2. A pump as claimed in claim 1 wherein a restrictive orifice is
disposed between the outlet chamber and the bypass valve.
3. A pump as claimed in claim 1 wherein the relief valve includes a
relief check ball and a spring biasing the relief check ball to a
closed position and the bypass valve includes a bypass check ball
and a spring biasing the bypass check ball to a closed
position.
4. A pump as claimed in claim 3 wherein the bypass valve includes a
travel limit pin configured to limit the displacement of bypass
check ball away from a seated position.
5. A lubrication and cooling system for a transmission comprising:
a pump including: a pump housing defining a suction port, an outlet
port; a rotor chamber disposed between the suction port and the
outlet port, an intake chamber fluidly connected to the suction
port, an inlet chamber fluidly connected to the intake chamber and
fluidly connected to the rotor chamber, an outlet chamber fluidly
connected to the rotor chamber and fluidly connected to the outlet
port; a rotor rotatably disposed in the rotor chamber having a
first portion in fluid communication with the outlet chamber and
having a second portion in fluid communication with the inlet
chamber; a relief valve operably disposed between the outlet
chamber and a relief port though the housing and configured to
operably fluidly connect the outlet chamber with the relief port
when a pressure in the outlet chamber is at or above a first value
indicative of an abnormal restriction of flow from the outlet
chamber; and a bypass valve operably disposed between the outlet
chamber and the intake chamber and configured to operably fluidly
connect the outlet chamber with the intake chamber when the
pressure in the outlet chamber is at or above a second value less
than the first value and indicative of a pressure in the outlet
chamber at or above a pressure associated with a predetermined
speed of rotation of the rotor a lubrication and cooling fluid
circuit including a cooling and filtering channel on which a cooler
and a filter are operably disposed and fluidly connecting the
outlet port of the pump with a lubrication channel; the lubrication
channel configured to distribute fluid to predetermined points
within the transmission; and a relief channel fluidly connecting
the relief port to the lubrication channel.

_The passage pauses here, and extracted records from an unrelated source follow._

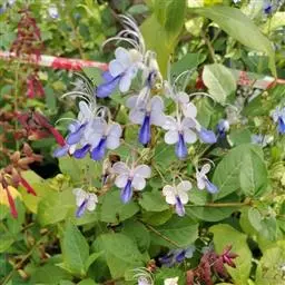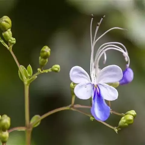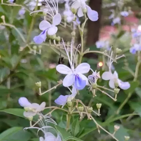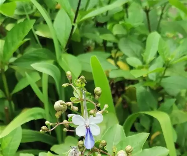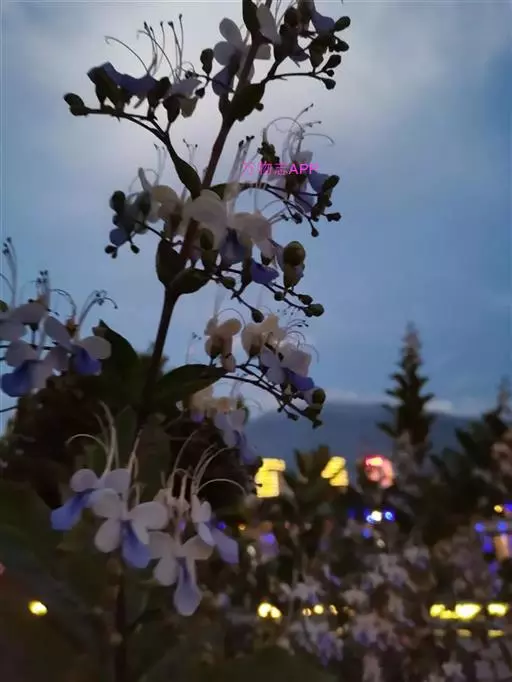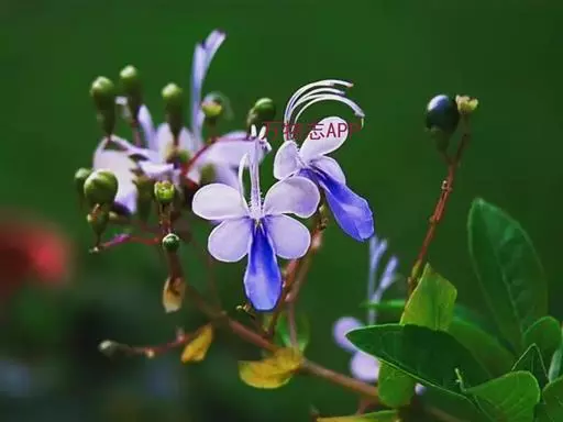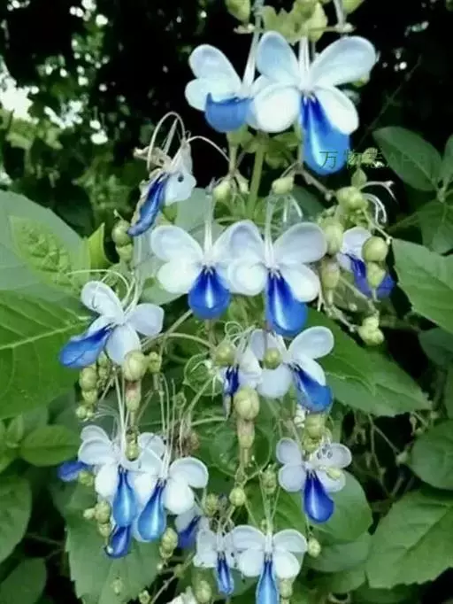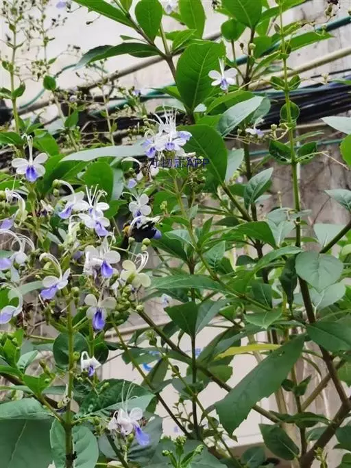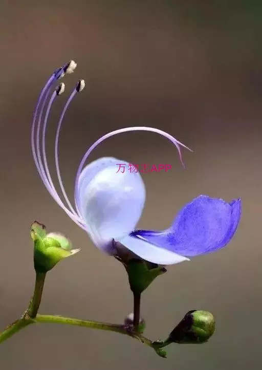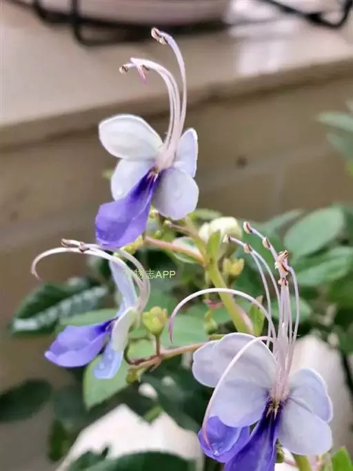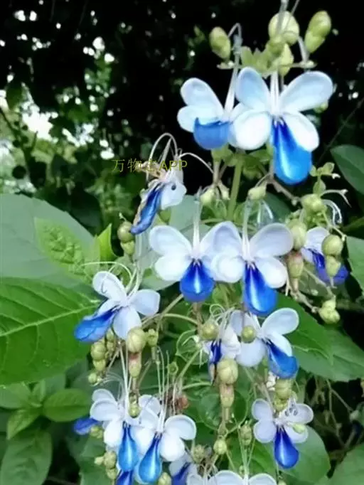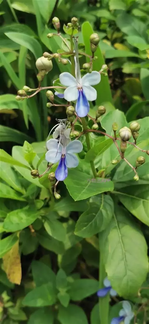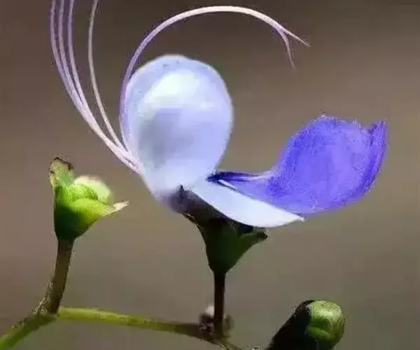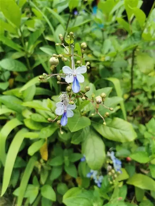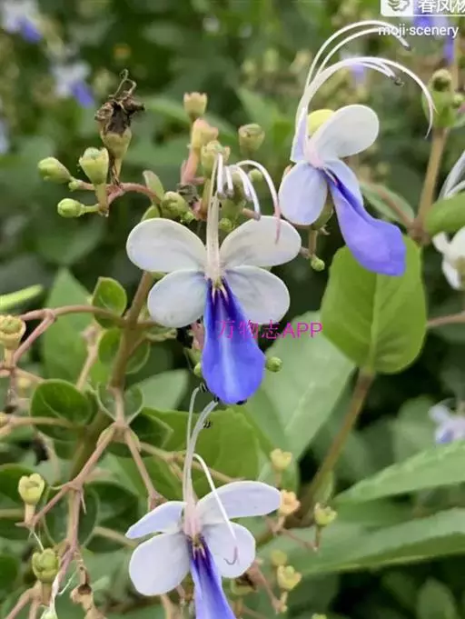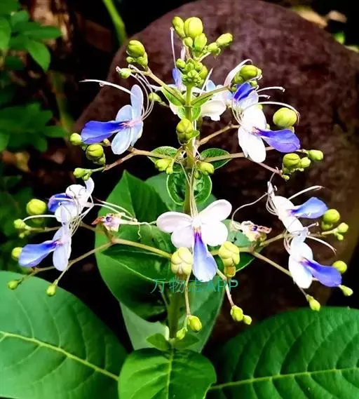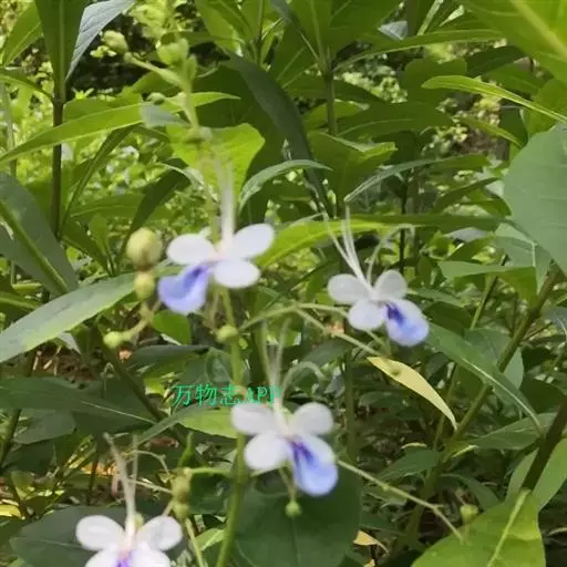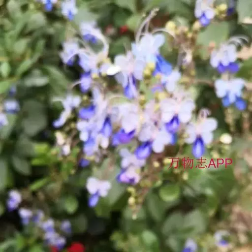 花:花朵造形似蝴蝶,花色为浅蓝到紫色,花瓣平展花冠两侧对称,花冠白色,唇瓣紫蓝色,雄蕊细长。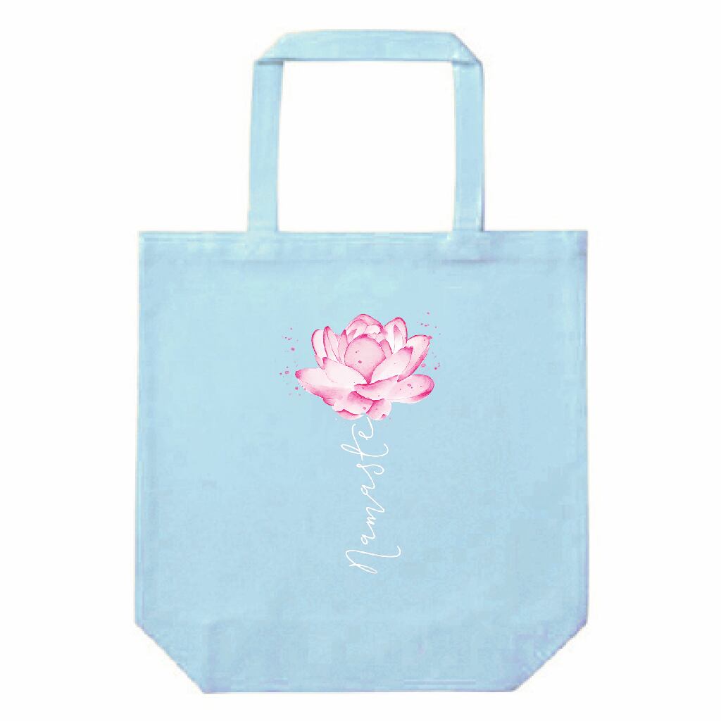 ナマステ 蓮の花 ロータス・キャンバストートバッグ(M)|ヨガ・瞑想・スピリチュアル|Namaste水彩アート フラワーデザイン|ライトブルー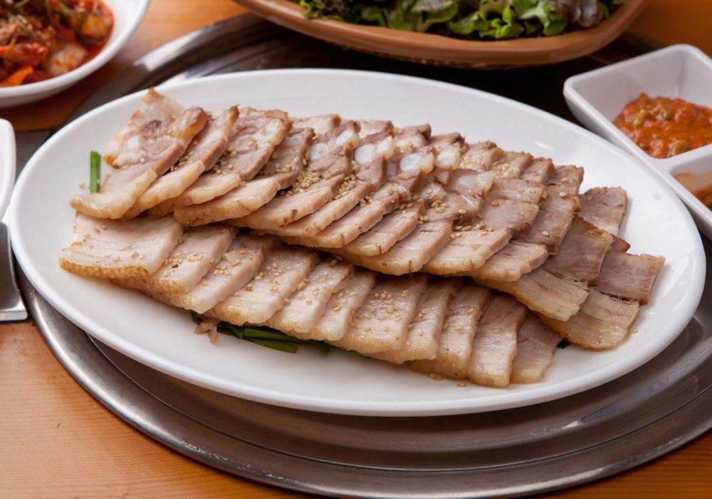 由米饭、白切五花肉、大酱汤、包饭拼盘、调味大酱组成的菜单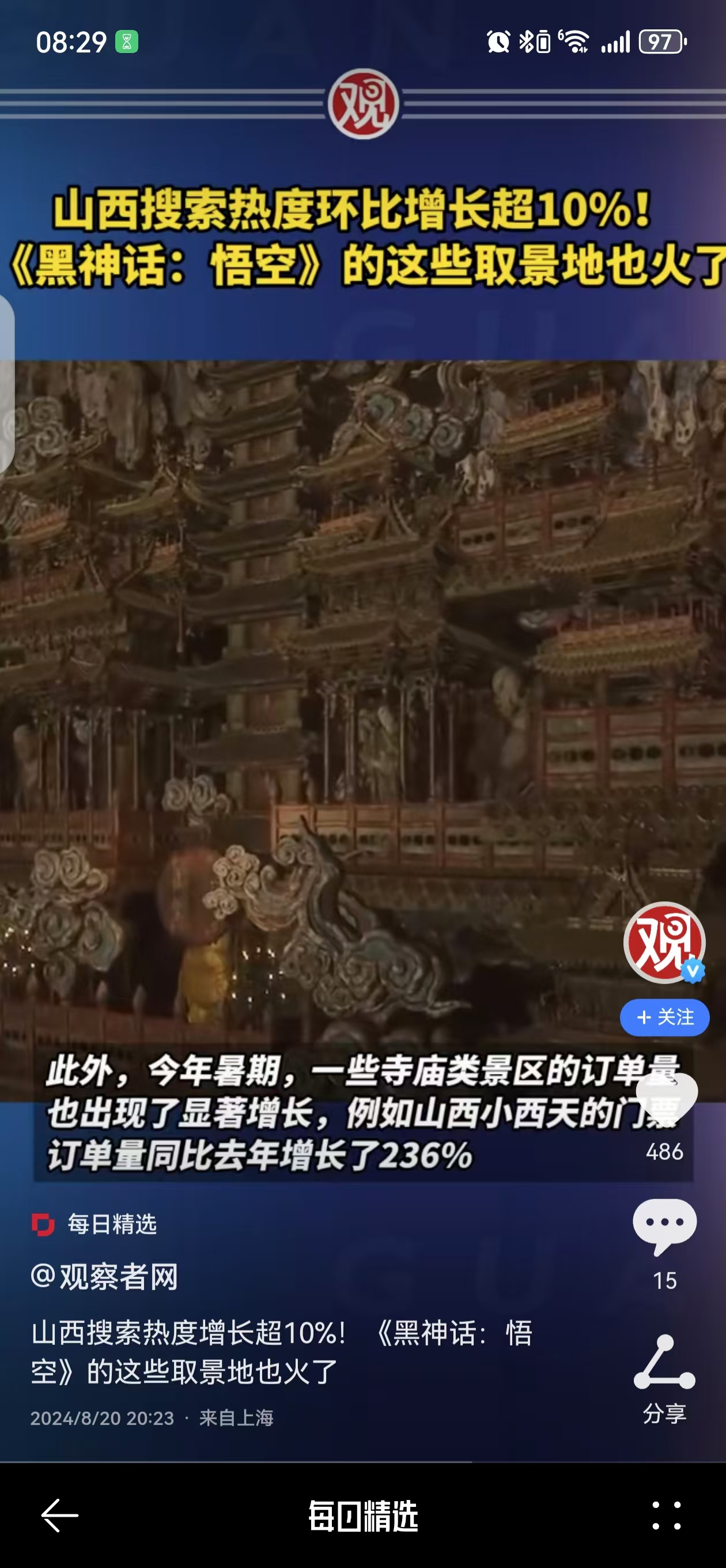 《黑神话:悟空》全球大火,让很多人对游戏里的场景产生了兴趣,可以预见,会有很多人前去打卡留念。不仅仅局限于国内,甚至会吸引很多海外的游客。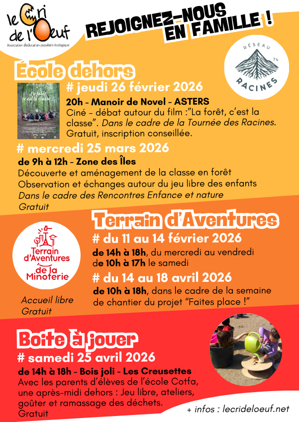 • une matinée parents enfants dans la forêt pour découvrir l’intérêt du jeu libre, mercredi 25 mars 2026 de 9h à 12h.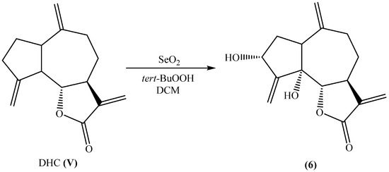 As previously described, compound 5 was also utilized in the synthesis of 5α-hydroxy-isozaluzanine C (6) through a dihydroxylation reaction. This transformation was carried out using DHC as the starting material, with selenium oxide and tert-butyl hydroperoxide serving as the key oxidizing agents. The reaction conditions were carefully controlled to promote selective oxidation, leading to the formation of the hydroxylated product. This method provides an efficient approach to modifying the molecular structure, potentially enhancing its biological activity. The reaction pathway and structural changes involved in this transformation are illustrated in Figure 3.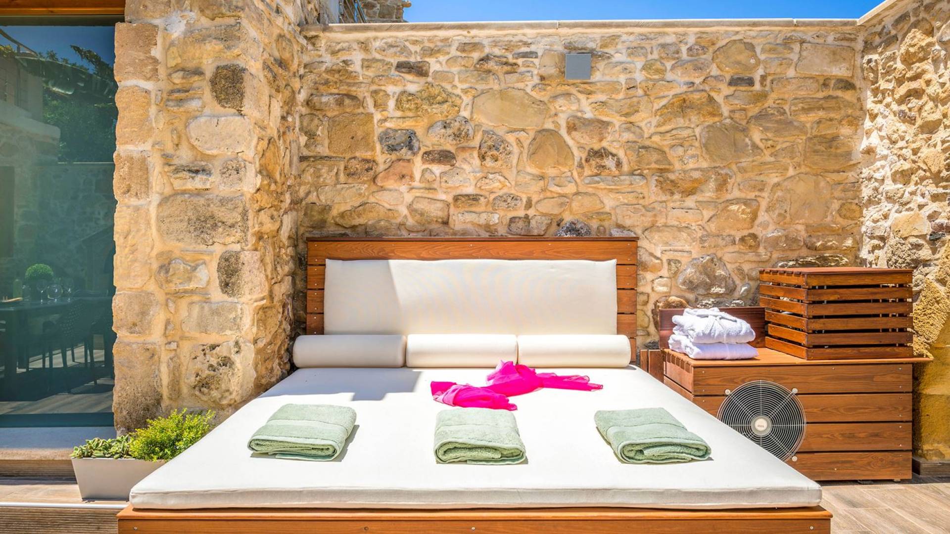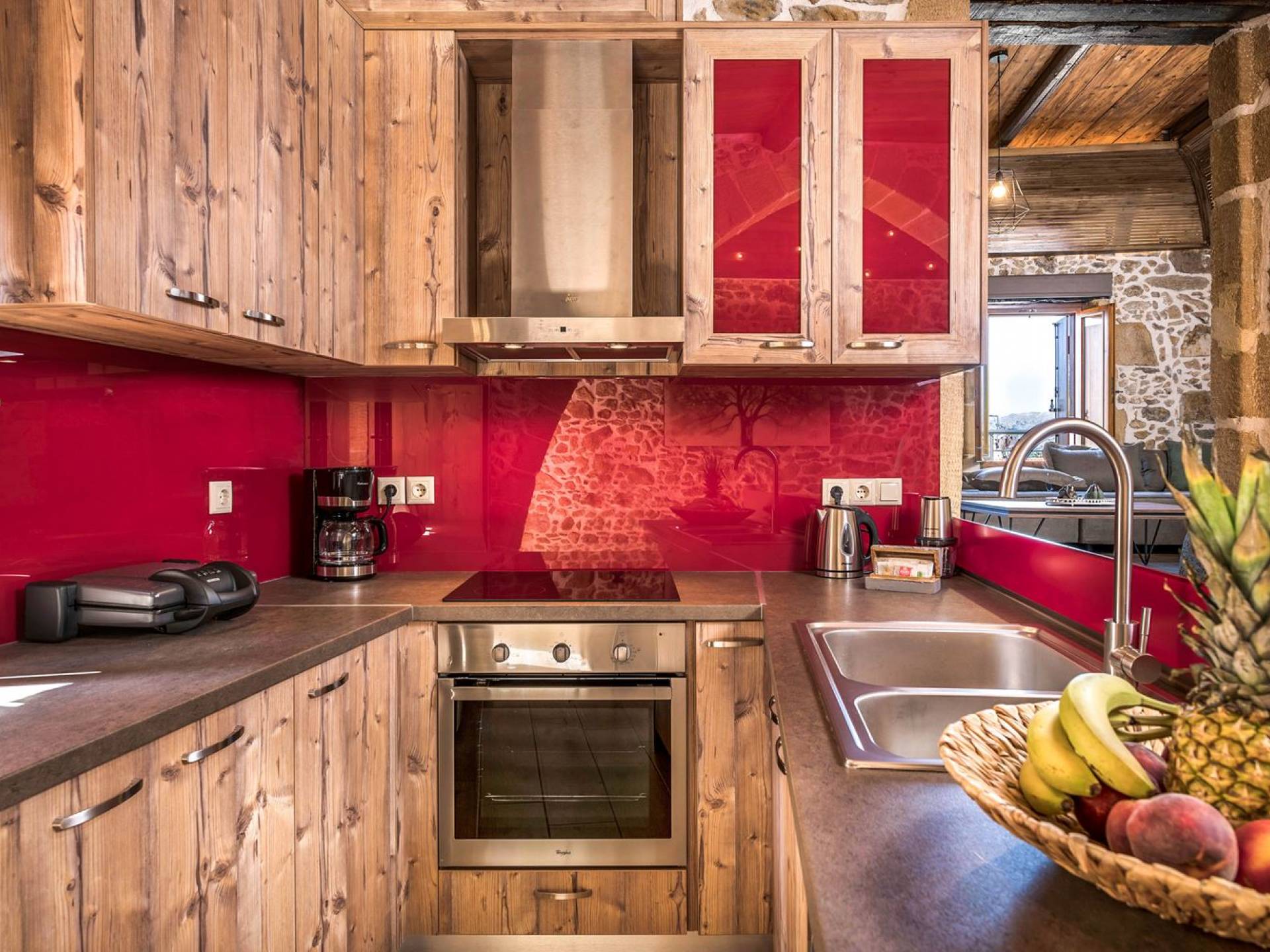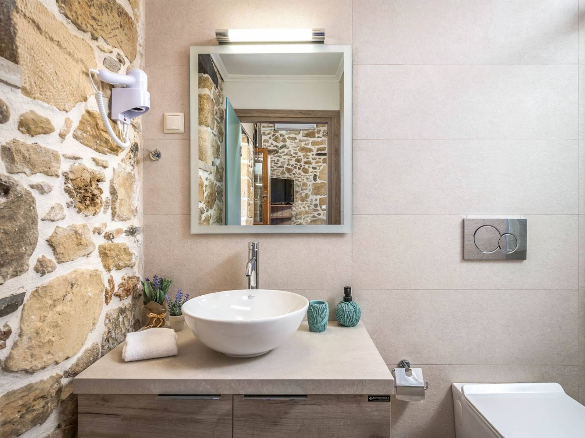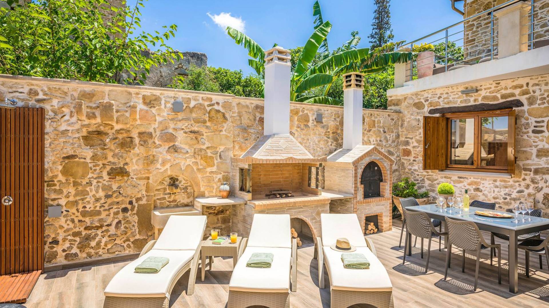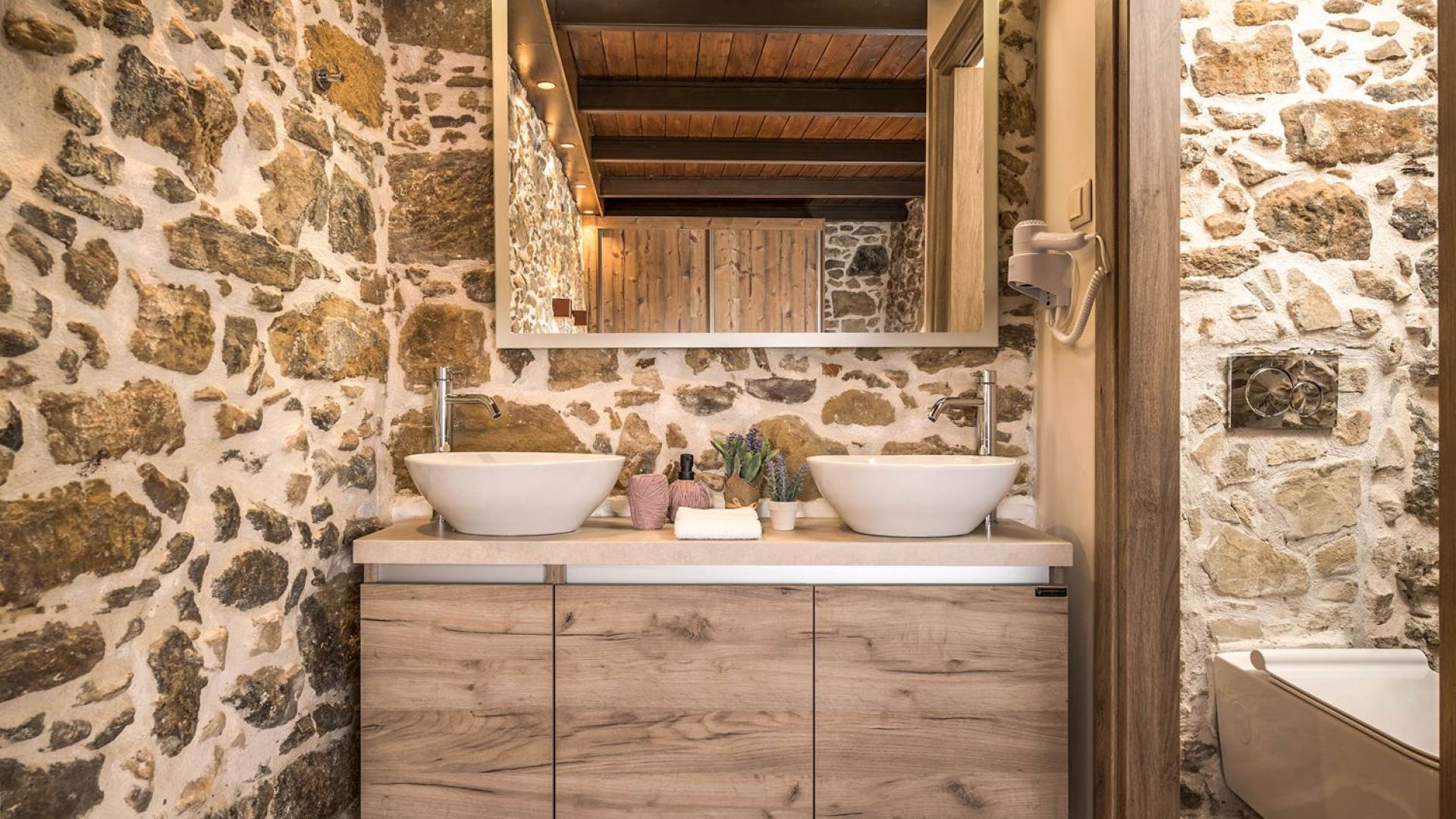 Φεύγοντας από τον μαγευτικό υπαίθριο χώρο στολισμένο με μια πέτρινη καμάρα και μια ζωηρή μπουκαμβίλιες, θα βρεθείτε σε ένα όμορφο αρχιτεκτονικό πάντρεμα από γήινες αποχρώσεις πέτρινων τοίχων και καμάρων σε συνδυασμό με ξύλο και λιτές διακοσμητικές γραμμές που εξασφαλίζουν άνεση και κομψότητα. Η κουζίνα είναι πλήρως εξοπλισμένη με ηλεκτρικές συσκευές τελευταίας τεχνολογίας, όλα τα υπνοδωμάτια έχουν ιδιωτικό μπάνιο για μέγιστη άνεση και ιδιωτικότητα και οι χώροι είναι κλιματιζόμενοι. Οι διακοσμητικές πινελιές δημιουργούν μια γαλήνια, ατμόσφαιρα που θα σας χαρίσει μια παραδεισένια εμπειρία. Ο μοντέρνος σχεδιασμός με λεπτομέρειες παραδοσιακής αρχιτεκτονικής στην τοιχοποιία του δίνει μια μοναδική αίσθηση θαλπωρής και φιλοξενίας.

6. A lubrication and cooling system as claimed in claim 5 wherein a
restrictive orifice is disposed between the outlet chamber and the
bypass valve.
7. A lubrication and cooling system as claimed in claim 7 wherein
the relief valve includes a relief check ball and a spring biasing
the relief check ball to a closed position and the bypass valve
includes a bypass check ball and a spring biasing the bypass check
ball to a closed position.
8. A lubrication and cooling system as claimed in claim 7 wherein
the bypass valve includes a travel limit pin configured to limit
the displacement of bypass check ball away from a seated position.
Description
CROSS-REFERENCE TO RELATED APPLICATIONS
[0001] This application claims the benefit of U.S. Provisional
Application No. 61/382,603, filed Sep. 14, 2010, which is hereby
incorporated by reference in their entireties.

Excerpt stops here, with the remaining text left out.